AnkleImage - An ultrafast ultrasound image dataset to understand the ankle joint muscle contractility.

作者信息

Zhang Qiang, Hakam Noor, Akinniyi Oluwasegun, Iyer Ashwin, Bao Xuefeng, Sharma Nitin

机构信息

The University of Alabama, Department of Mechanical Engineering, Tuscaloosa, 35401, USA.

Department of Chemical & Biological Enginnering at the University of Alabama, Tuscaloosa, 35401, USA.

出版信息

Sci Data. 2024 Dec 27;11(1):1439. doi: 10.1038/s41597-024-04285-x.

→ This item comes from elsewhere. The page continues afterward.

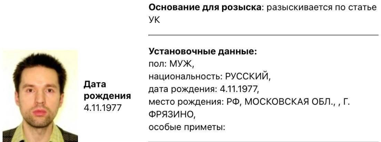 В базе МВД появились данные о розыске бывшего замглавы антидопинговой лаборатории Соболевского Тимофея Геннадьевича.

DOI:10.1038/s41597-024-04285-x
PMID:39730358
原文链接:https://pmc.ncbi.nlm.nih.gov/articles/PMC11680872/
Abstract

The role of the human ankle joint in activities of daily living, including walking, maintaining balance, and participating in sports, is of paramount importance. Ankle joint dorsiflexion and plantarflexion functionalities mainly account for ground clearance and propulsion power generation during locomotion tasks, where those functionalities are driven by the contraction of ankle joint skeleton muscles. Studies of corresponding muscle contractility during ankle dynamic functions will facilitate us to better understand the joint torque/power generation mechanism, better diagnose potential muscular disorders on the ankle joint, or better develop wearable assistive/rehabilitative robotic devices that assist in community ambulation. This data descriptor reports a new dataset that includes the ankle joint kinematics/kinetics, associated muscle surface electromyography, and ultrafast ultrasound images with various annotations, such as pennation angle, fascicle length, tissue displacements, echogenicity, and muscle thickness, of ten healthy participants when performing volitional isometric, isokinetic, and dynamic ankle joint functions (walking at multiple treadmill speeds, including 0.50 m/s, 0.75 m/s, 1.00 m/s, 1.25 m/s, and 1.50 m/s). Data were recorded by a research-use ultrasound machine, a self-designed ankle testbed, an inertia measurement unit system, a Vicon motion capture system, a surface electromyography system, and an instrumented treadmill. The descriptor in this work presents the results of a data curation or collection exercise from previous works, rather than describing a novel primary/experimental data collection.

摘要

人类踝关节在日常生活活动中所起的作用至关重要,这些活动包括行走、保持平衡以及参与体育运动。踝关节背屈和跖屈功能主要负责在运动任务中提供离地间隙和产生推进力,这些功能由踝关节骨骼肌的收缩驱动。研究踝关节动态功能期间相应肌肉的收缩能力,将有助于我们更好地理解关节扭矩/动力产生机制,更好地诊断踝关节潜在的肌肉疾病,或者更好地开发可穿戴辅助/康复机器人设备以协助社区行走。本数据描述报告了一个新数据集,该数据集包含十名健康参与者在进行自主等长、等速和动态踝关节功能(在多种跑步机速度下行走,包括0.50米/秒、0.75米/秒、1.00米/秒、1.25米/秒和1.50米/秒)时的踝关节运动学/动力学、相关肌肉表面肌电图以及带有各种注释(如羽状角、肌束长度、组织位移、回声性和肌肉厚度)的超快超声图像。数据由一台科研用超声机、一个自行设计的踝关节试验台、一个惯性测量单元系统、一个Vicon运动捕捉系统、一个表面肌电图系统和一台带仪器的跑步机记录。本研究中的描述呈现了对先前工作进行数据整理或收集的结果,而非描述一项全新的原始/实验数据收集。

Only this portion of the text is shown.